[Dataset records]
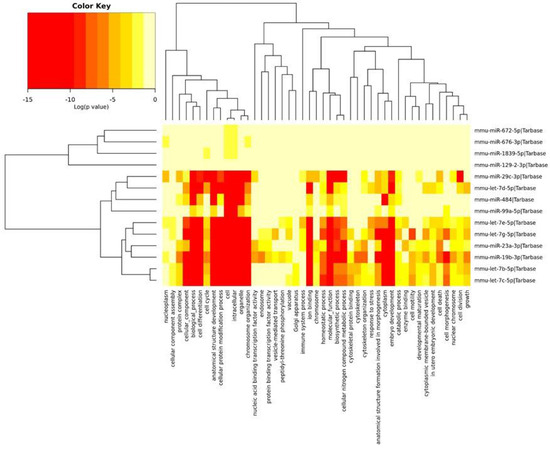 The heatmap indicating the associations of miRNAs with the GO annotations. The miRNAs are on the right-hand side, while the GO annotations are at the bottom of the map. The significances of linking miRNA to GO annotations are color-coded (the scale in the upper-left corner).
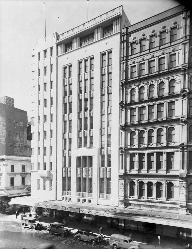 A collaboration with @melbourne.upstairs; which is to say pics 1-4 are theirs. First is a great pic of the stylish reception desk of the Consulate of Nepal, on the 7th floor of 28 Elizabeth St, which originally served the Australian Natives Association. They commissioned the building from Marsh & Michaelson, and it opened in 1937.
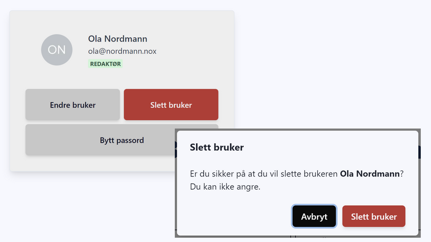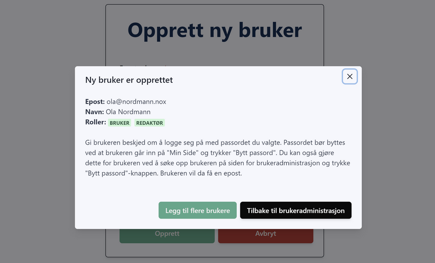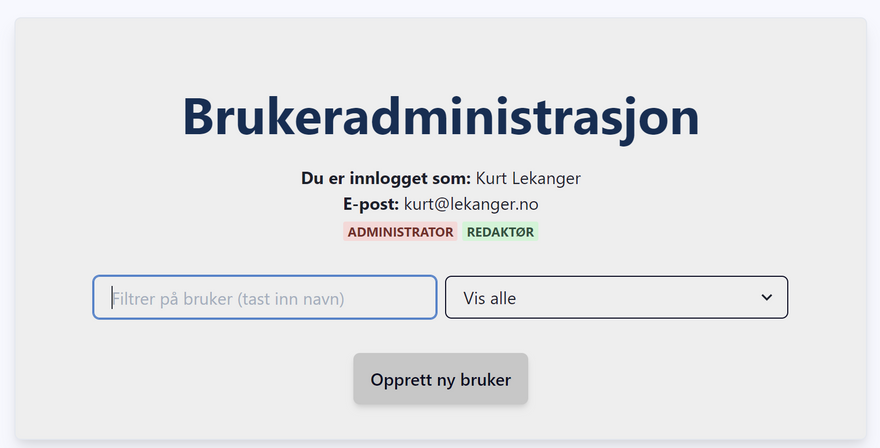 Du vil da kunne legge til, slette eller endre brukere, samt gi brukere admin-tilgang.
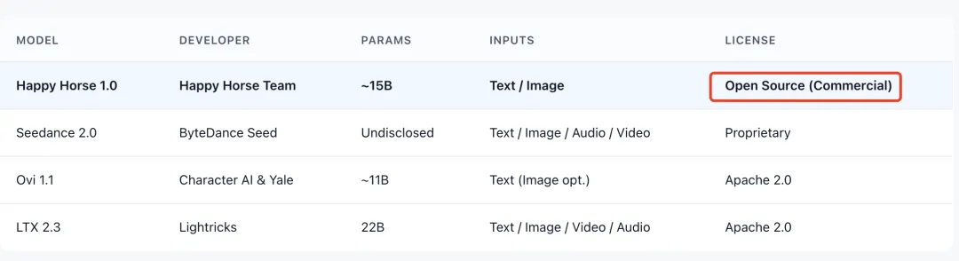 首先,和主流视频模型不同,HappyHorse 是开源的。
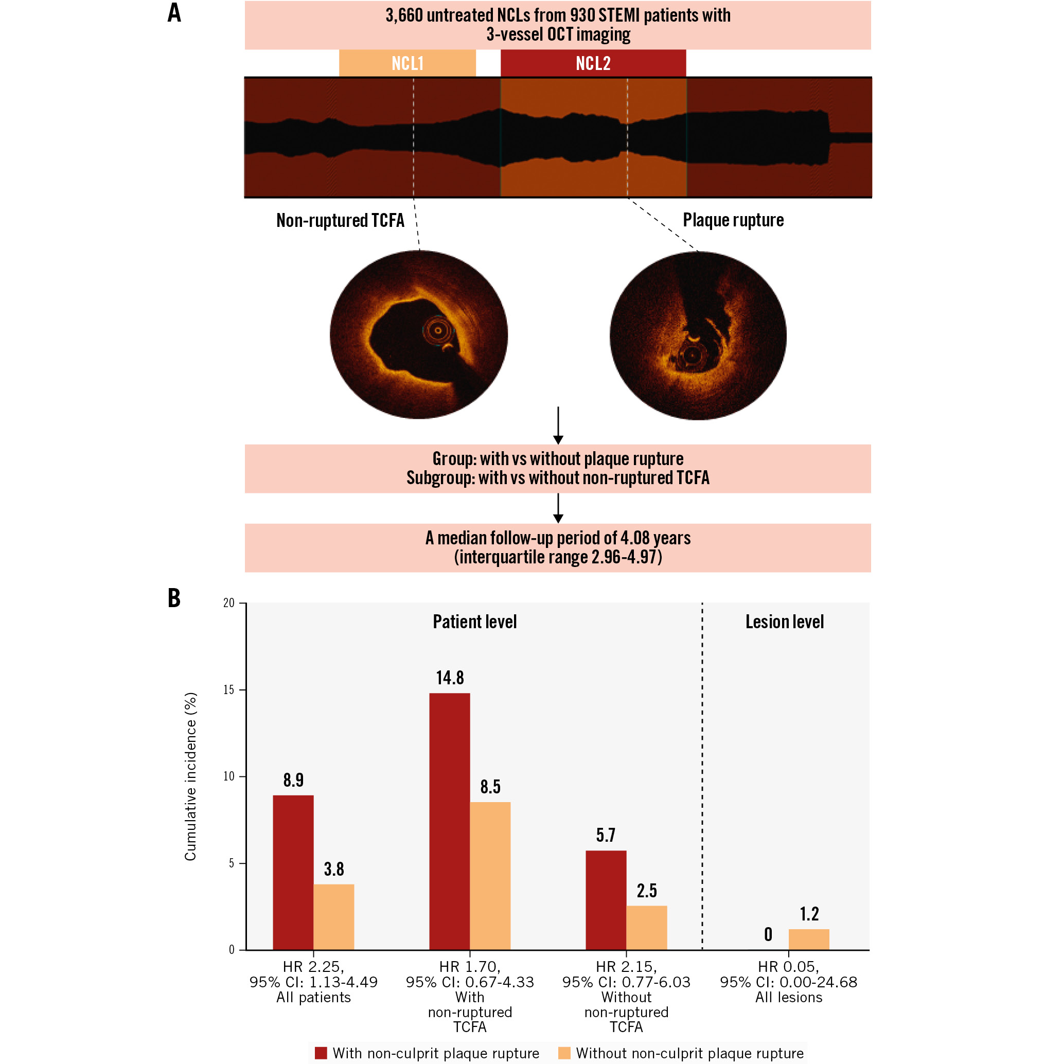 Central illustration. The long-term prognosis value of OCT imaging in STEMI patients with non-culprit plaque rupture. A) OCT examinations were conducted on a total of 3,660 untreated NCLs from 930 STEMI patients, with a median follow-up period of 4.08 years (interquartile range 2.96-4.97). Patients and lesions were categorised into groups with and without non-culprit plaque rupture. Furthermore, non-ruptured TCFA was a classification standard in the subgroup. B) STEMI patients in the non-culprit plaque rupture group had worse long-term outcomes (8.9% vs 3.8%, unadjusted HR 2.25, 95% CI: 1.13-4.49). Furthermore, after stratification by the presence or absence of non-ruptured TCFA, non-culprit plaque rupture was not associated with NCL-related MACE. In addition, NCL-related MACE were similar for lesions with versus without plaque rupture (0.0% vs 1.2%, unadjusted HR 0.05, 95% CI: 0.00-24.68). CI: confidence interval; HR: hazard ratio; MACE: major adverse cardiac events; NCL: non-culprit lesion; OCT: optical coherence tomography; STEMI: ST-segment elevation myocardial infarction; TCFA: thin-cap fibroatheroma

PROBLEM REQUIREMENTS: Every line above is to be given again exactly, apart from the pictures.

ANSWER FOR THIS EXERCISE:
 The heatmap indicating the associations of miRNAs with the GO annotations. The miRNAs are on the right-hand side, while the GO annotations are at the bottom of the map. The significances of linking miRNA to GO annotations are color-coded (the scale in the upper-left corner).
 A collaboration with @melbourne.upstairs; which is to say pics 1-4 are theirs. First is a great pic of the stylish reception desk of the Consulate of Nepal, on the 7th floor of 28 Elizabeth St, which originally served the Australian Natives Association. They commissioned the building from Marsh & Michaelson, and it opened in 1937.
 Du vil da kunne legge til, slette eller endre brukere, samt gi brukere admin-tilgang.
 首先,和主流视频模型不同,HappyHorse 是开源的。
 Central illustration. The long-term prognosis value of OCT imaging in STEMI patients with non-culprit plaque rupture. A) OCT examinations were conducted on a total of 3,660 untreated NCLs from 930 STEMI patients, with a median follow-up period of 4.08 years (interquartile range 2.96-4.97). Patients and lesions were categorised into groups with and without non-culprit plaque rupture. Furthermore, non-ruptured TCFA was a classification standard in the subgroup. B) STEMI patients in the non-culprit plaque rupture group had worse long-term outcomes (8.9% vs 3.8%, unadjusted HR 2.25, 95% CI: 1.13-4.49). Furthermore, after stratification by the presence or absence of non-ruptured TCFA, non-culprit plaque rupture was not associated with NCL-related MACE. In addition, NCL-related MACE were similar for lesions with versus without plaque rupture (0.0% vs 1.2%, unadjusted HR 0.05, 95% CI: 0.00-24.68). CI: confidence interval; HR: hazard ratio; MACE: major adverse cardiac events; NCL: non-culprit lesion; OCT: optical coherence tomography; STEMI: ST-segment elevation myocardial infarction; TCFA: thin-cap fibroatheroma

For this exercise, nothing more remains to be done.